For the latter, IDOI reported in August It had issued a request for services to find a third-party vendor and required hospitals to submit data by March 2024. By November, the calculations should be finalized with Medicare Compare for the final report to the Health Care Cost Task Force. December.

Also at the August meeting, Beard briefed the committee on ongoing efforts to license PBMs and audit pharmacy claims along with semiannual reports. Lawmakers spent a lot of time in the 2023 legislative session trying to understand the costs and benefits of PBMs, ultimately a reporting system Calculating claims and directing that rebate savings be passed on to consumers.

Health care in 2025 and beyond

Tabor said he hopes ongoing data collection efforts will help leaders take a more nuanced and thoughtful approach to health care, even if all of these efforts won’t happen in 2024.

When we get to 2025, and if we need legislation, we can focus on legislation that empowers market-based solutions.
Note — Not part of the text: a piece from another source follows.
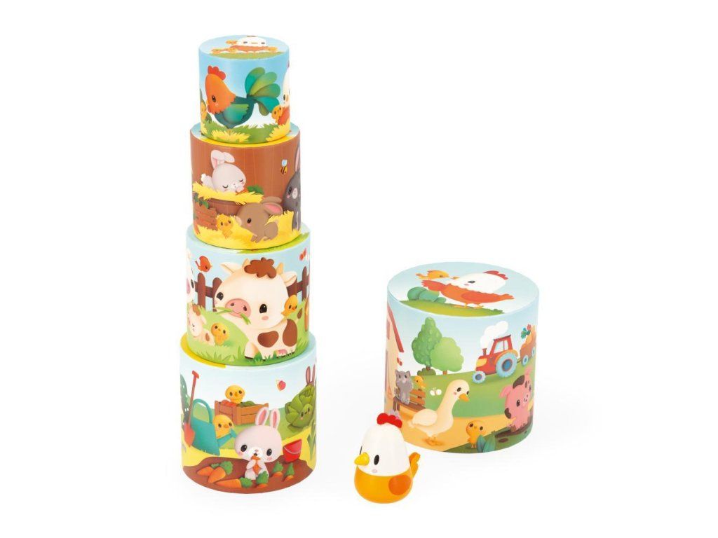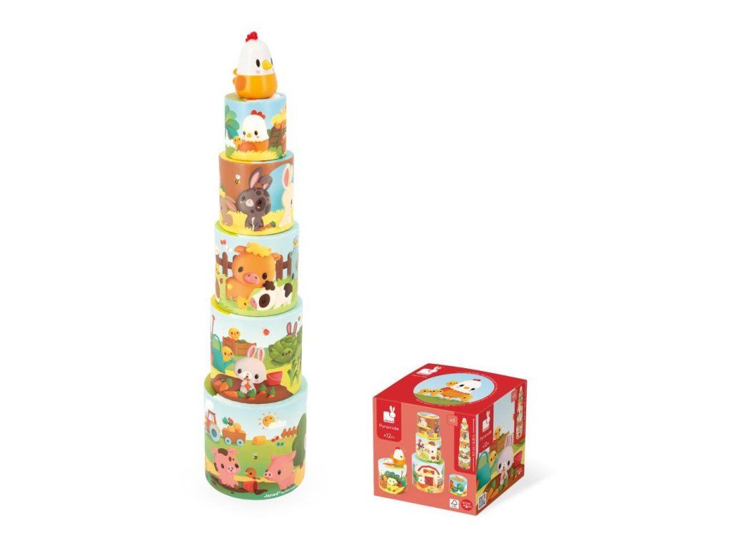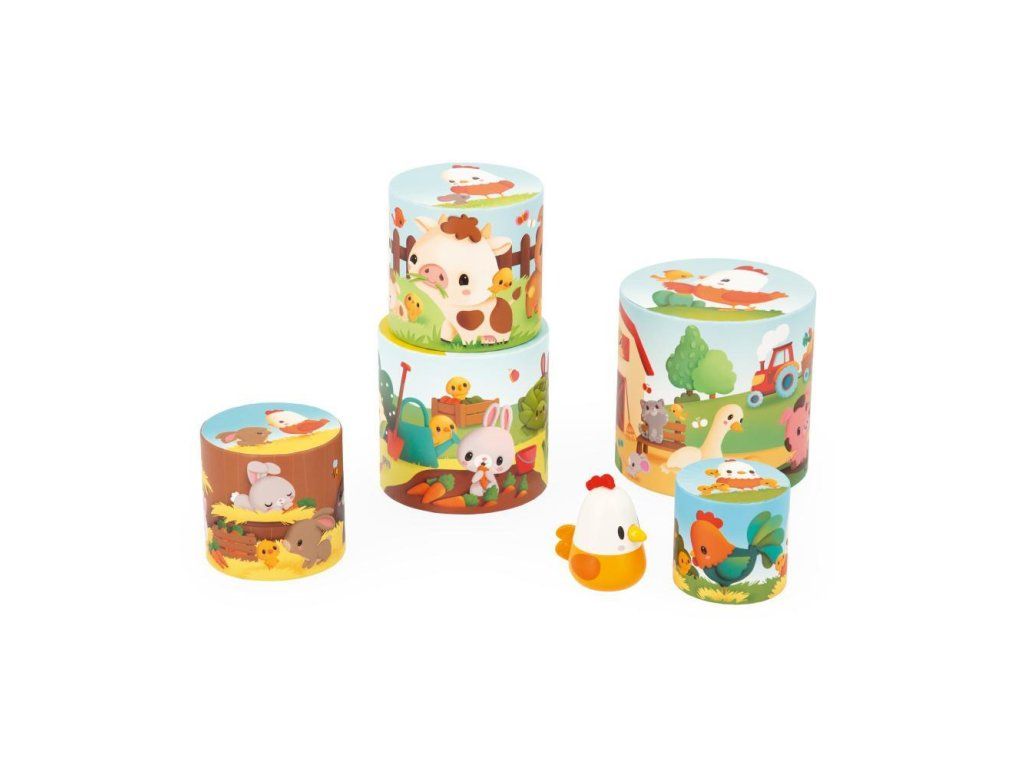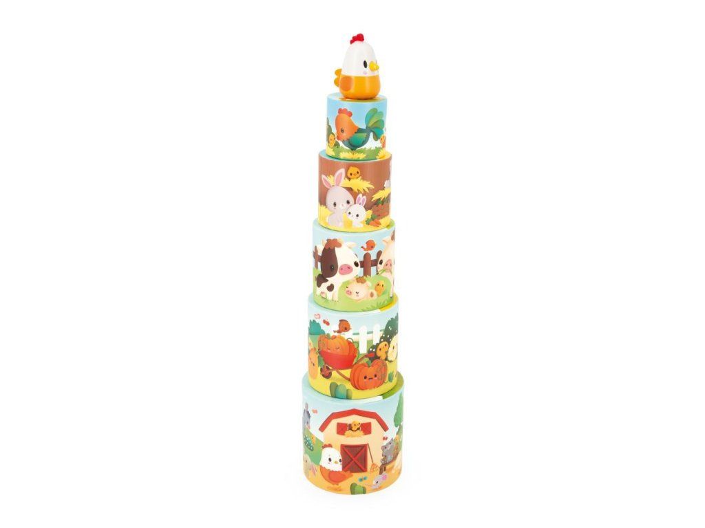 Mláďatá boli poobede vonku, aby sa hrali so všetkými ostatnými zvieratami na farme. Ale je čas vrátiť sa do kurína. Postav pyramídu a pomôž sliepke nájsť jej kuriatka!

I think we have a lot of hospital transparency, but where we don’t have (transparency) is how the premiums are actually calculated,” Tabor said. Although I don’t like all the policies that have been implemented in the past, I think it is wise to think more deeply about making data-based policy decisions and not wandering from one session to the next.

brian tabor

Additional, smaller pieces of legislation for 2024 could address the workforce shortage in nursing, but not massive pieces of legislation by 2023 overall.

I think if we take a breath and we look at some of that data, we look at what’s being collected, I think we can hope that we’ll be more informed in 2025 and beyond. can make decisions, Tabor said.

Charbonneau didn’t rule out the possibility of some health care legislation, saying he was considering a bill to oversee the 340B drug pricing program, which would allow some financially strapped hospitals to purchase expensive pharmaceuticals at a discount. Is. However, Charbonneau wanted to know which hospitals used the program and whether some states serving wealthier populations were taking advantage of poorer systems.

I recently spoke with Dr. (and Indiana US Rep. Larry) Bushon about it. Charbonneau said he’s been trying to deal with it at the federal level and hasn’t been able to get much done yet. This appears to be a well-intentioned program that has kind of taken on a life of its own and moved far away from the mission it was intended for.

He stressed that he did not want to imply any impropriety or any illegality, but simply wanted to bring greater scrutiny to the current program to increase transparency.

As a former hospital CEO with a business background, Charbonneau said he is frustrated by the slow adoption of cost-saving measures at the state level when it comes to increasing quality and affordability in health care.

Over the years, it has become very depressing. We are not making progress in health care, Charbonneau said.

He said the Indiana Chamber of Commerce often The state was ranked low In terms of health care costs, he said it hurts the Indiana Economic Development Corporation’s ability to recruit companies to the Hoosier State.

“We have to work and get there,” Charbonneau said. But it seems like it will happen very slowly. But it will work. The more attention we pay to it, the more publicity we can get. The more we can educate more of our 6.8 million Hoosiers on all this, the better.